Ответом мне служат гулкие шаги: за дверью находится лестница, и она ведет куда-то вниз.
Надеюсь, что не в преисподнюю.
Следовать за Кико вниз, в корневую систему маяка, — совсем не то, что следовать за ним вверх, к сияющей белизной и свежестью кроне. Спускаться по слизким ржавым ступеням «ссыкотно», как сказала бы не чуждая интернет-сленга ВПЗР. Она никогда не употребляет таких выражений в своих книгах, чтобы не прослыть языковой маргиналкой и человеком, о котором можно подумать, что он не читал Марселя Пруста. Или — Набокова. А ведь она не читала, я точно знаю; и читать не будет, чтобы не расстраиваться лишний раз. Зато труха, подобная «ссыкотно» или «ужоснах», то и дело осыпается с ее венценосного писательского языка в повседневной жизни. А с узких ступеней, по которым я иду, сыплются какие-то мелкие камешки. И осколки ракушек — непонятно, откуда они здесь, из-за близости к воде, что ли?..
Скорее всего.
Влажный спертый воздух с ощутимым привкусом морских водорослей — из той же оперы.

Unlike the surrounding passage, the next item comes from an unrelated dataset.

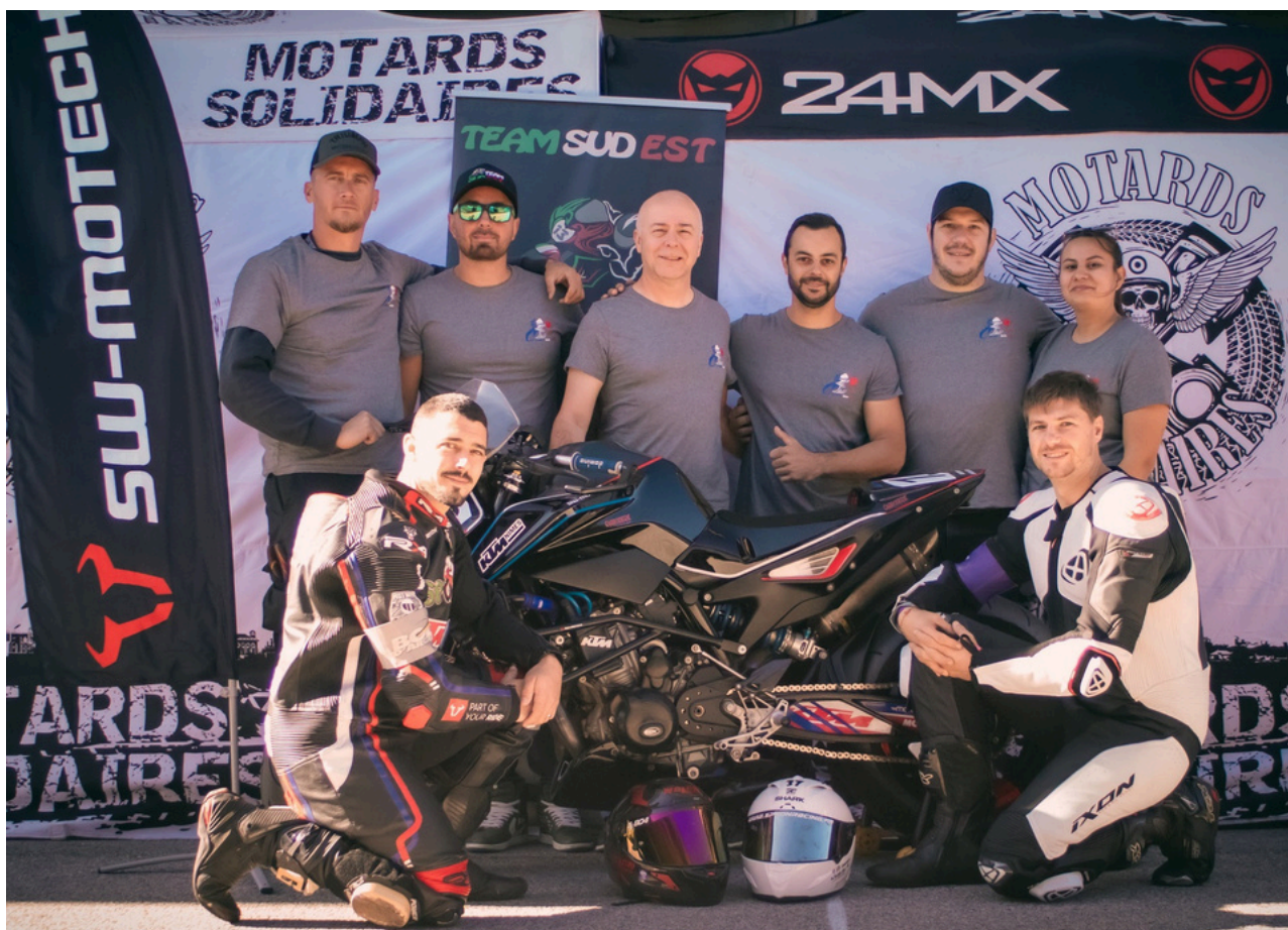
La Team Sud Est au bol d'argent 2024

Чтобы хоть как-то развлечь себя во время муторного спуска, я мысленно пытаюсь представить «Cara al mar» в разрезе. Понятно, что винтовая лестница, ведущая вниз, является антиподом винтовой лестницы, ведущей вверх. Верхняя лестница заканчивалась вполне понятной площадкой с механизмами, ответственными за работу гигантского прожектора. Вот только видела ли я свет от этого прожектора в ночи?
Кажется — нет.
«Cara al mar» — бездействующий, ленивый маяк. Декорация. Такая же, как и все эти дома «глупыша Диего», «…где зацвел мирт» и «…где никогда не жили кошки». Кошки живут везде, и миртовые деревья цветут везде, где бы ни находились.
Все здесь — декорация. Все.
Спуск заканчивается небольшим уютным гротом, выложенным толстыми, почерневшими от времени дубовыми досками. Кое-где дерево прогнило, и можно рассмотреть, что находится под ним: скальная порода, зазубренные острые плавники камней, покрытые морским мхом. Низкие, сочащиеся водой своды грота могут подействовать угнетающе, если… Если не видеть перед собой разлом в скале, за которым — открытое море.
Я вижу открытое море, о, да!..
И еще — лодку с мотором, стоящую на приколе у импровизированной пристани. Лодка привязана толстенным канатом к кнехтам, а на корме черной краской выведено название:
«Upon Reflection» — «над отражением» или — как вариант — «над гладью». Я… Я сама придумала его, в дневниковых файлах есть запись об этом, я помню точно. Как помню, что «Upon Reflection» представлялась мне яхтой с большим удельным весом красного дерева. Очень и очень романтичной. В спартанской лодке из грота нет никакого намека на романтику, но это не должно успокаивать. Что первично — мои собственные фантазии или реальность? А если бы я назвала ее в своем дневнике как-то по-другому — какое бы название украшало тогда корму? А если бы утвердилась в самой первой мысли («Upon Reflection» — маленький рыбный ресторанчик на побережье) — то увидела бы здесь не лодку, а столики с бумажными скатертями?..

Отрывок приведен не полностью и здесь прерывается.